Rubio’s indictment of Obama’s performance echoed similar critiques sounded throughout the day. Former Florida governor Jeb Bush, like Rubio considered a top-tier contender, offered a less pointed assessment of Obama, but defended his own record when one audience questioner asked about his conservative credentials.
“My record is a conservative one,” Bush said. “It’s an ‘I’m-not-kidding’ conservative one and it’s a record of accomplishment.”
Bush also brushed off concerns that he is headed to the nomination as a form of “coronation.”
“I will have to earn it if I get into the arena. I will have to earn it. No one’s going to give it to me. That is more than apparent,” he said.
Other speakers focused heavily on Obama, providing a litany of examples where, they said, Obama had failed to project American strength adequately overseas.
“We have a weak president who has weakened our country,” said New Jersey Governor Chris Christie, who eschewed a lengthy speech for a question-and-answer session in a crowded hotel banquet room on Friday afternoon.
Former ambassador to the United Nations John Bolton called Obama “weak and feckless.”
“This is a president whose policies are weak, whose policies are apologetic, and in many ways incoherent,” said US Representative Peter King of New York.

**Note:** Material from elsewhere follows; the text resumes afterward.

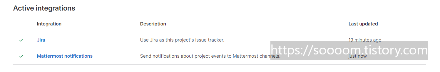 Active integrations์ Jira์ MM ์ด ์ ๋ํ๋๋ฉด ์ฑ๊ณต์ด๋ค.

Former Texas governor Rick Perry called Clinton “the orchestrator” of US policies in the Middle East and with Russia that have left the United States imperiled. The red-meat rhetoric is designed to appeal to the GOP faithful gathered to audition the 19 potential or declared candidates scheduled to speak Friday and Saturday at the First-in-the-Nation Republican Leadership Summit.
Granite State activists are just beginning to sort through one of the historic primary’s largest and most unwieldy field in decades. And candidates have been increasing their travel to the state in recent weeks.
The weekend conference serves as one of the signal early events of the nominating contest.
“This is a great opportunity for these candidates to audition in front of the state’s Republican leadership -- the group of people who will decide who gets to speak at county dinners and barbecues this spring and summer,” said David Carney, a New Hampshire-based Republican strategist who advised Texas governor Rick Perry during the 2012 campaign but is unaffiliated this cycle.
Former New York governor George Pataki addressed a crowded banquet room at the Crowne Plaza hotel on Friday morning, followed by entrepreneur Dennis Michael Lynch.
The speeches have also laid bare foreign policy and national security fissures within the party. King, a hawkish member of both the homeland security and intelligence committees, defended National Security Agency intelligence gathering, which has come under fire from more libertarian Republicans, as an “effective necessary component” of national defense.
“We don’t all agree,” said King. “We have definite views.”
On Saturday, speakers include former Maryland governor Bob Ehrlich, US Senator Rand Paul of Kentucky, former Hewlett Packard CEO Carly Fiorina, Louisiana Governor Bobby Jindal, and businessman Donald Trump.
South Carolina Senator Lindsay Graham, Ohio Governor John Kasich, former Arkansas governor Mike Huckabee, US Senator Ted Cruz of Texas, and Wisconsin Governor Scott Walker round out the Saturday lineup.